“Z” e il limbo italiano

(12 Mar 08)

Emanuele Macaluso

La vittoria di Zapatero in Spagna e la rimonta socialista in Francia hanno fatto dire a Veltroni che negli Stati Uniti e in Europa «c’è un vento nuovo». Forse è vero. Anche la sinistra radicale è entusiasta: lunedì sul Manifesto c’era una grande foto con Zapatero sorridente e Sarkozy accigliato e una didascalia che diceva: «Qui, se puede». E ieri Valentino Parlato, sempre sul Manifesto, notava che l’ondata di destra si può fermare: «Se puede». «Si può fare».

Ma ancora una volta si può con i socialisti che in Europa sono la sola, ripeto, la sola alternativa alla destra reazionaria o moderata. Eppure in Italia nei mesi scorsi quando si diede vita al Pd abbiamo letto e riletto che il socialismo (quale?) è un «cane morto» o, più benevolmente, si diceva che era un residuato del secolo scorso, roba vecchia.

Eppure proprio i partiti socialisti negli anni della «rivoluzione conservatrice» della Thatcher o dei governi cristiano-moderati di Germania, stando all’opposizione o al governo come in Francia e Spagna, seppero rinnovare profondamente la loro cultura politica e i loro programmi in modo da poter vincere la sfida sul terreno nuovo del capitalismo globalizzato e della modernizzazione. Chi in questi anni ha seguito il travaglio di tutti i partiti socialisti europei ha potuto misurare il lavoro straordinario che è stato fatto per rinnovare le piattaforme politico-programmatiche rispettando la storia e l’autonomia di ogni partito. Tutti hanno avviato un processo di liberalizzazione nell’economia, la riforma del Welfare e la ridefinizione del ruolo dello Stato nell’economia. E le liberalizzazioni hanno coinvolto la società attraverso l’estensione di nuovi diritti civili, frutto di una modernizzazione, di una secolarizzazione e di una laicità che non ha nulla a che vedere con antiche forme di clericalismo.

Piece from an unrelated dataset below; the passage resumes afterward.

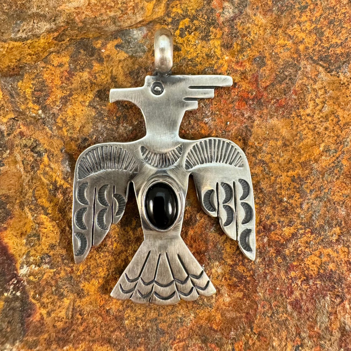 This Sterling Silver Pendant features Black Onyx in a large hand stamped Pendant in a Thunderbird design. Native American Jewelry

In Italia, nella sinistra questo processo politico-culturale non c’è stato: negli Anni Novanta il Psi praticamente non c’era più e gli eredi del Pci, che con Occhetto nel 1989 fecero la svolta, mantennero una riserva di fondo nei confronti del socialismo italiano ed europeo che avrebbe dovuto essere superata prima con D’Alema e poi con Fassino. I quali nei congressi mossero dei passi significativi in questa direzione senza però fare un’opera di revisione tale da collocare stabilmente i Ds nell’alveo del socialismo europeo.

La nascita del Pd è stata invece segnata da un distacco da esso. Non poteva essere diversamente data la presenza nel nuovo partito di una componente che richiama la storia della Dc e la presenza di un gruppo di cattolici integralisti. I quali, non a caso, hanno parlato sprezzantemente di «una deriva zapaterista» da cui il Pd doveva vaccinarsi. Ha ragione Gian Enrico Rusconi quando ieri, su questo giornale, scriveva che «l’eutanasia del socialismo nel nostro Paese impedisce di cogliere il nesso fecondo tra socialismo della cittadinanza e diritti civili».

Insomma il Pd può salutare i successi dei socialisti ma non identificarsi con la loro storia e il loro avvenire. Veltroni aveva parlato di un superamento del Pse attraverso la formazione di un partito democratico europeo, che coinvolgesse i centristi di François Bayrou (3% in queste elezioni). Ma sono i socialisti francesi che ieri hanno dichiarato che con il Modem di Bayrou sono possibili alleanze locali, ma «senza rinnegarsi».

La verità è che il Pd, rispetto al socialismo europeo, non può «né aderire né sabotare», resta nel limbo, e senza riferimenti. La sinistra radicale registra, in Francia e in Spagna, una sconfitta. E l’Arcobaleno italiano in Europa è collegato con essa e si contrappone ai socialisti senza alcuna prospettiva. In questo quadro Bertinotti accentua la separazione con le forze che nel concreto della lotta politica sono alternative alla destra e ai conservatori moderati. E quindi il tentativo fatto con le elezioni del 2005 di collocarsi come forza di governo appare una piccola parentesi di un percorso senza prospettive, nemmeno come forza consistente di opposizione.

In conclusione il Pd di centrosinistra e la sinistra radicale, in modo diverso, si estraniano dai processi politico-culturali che coinvolgono tutta l’Europa. È questo il dato su cui riflettere, perché non riguarda solo la sinistra ma il Paese.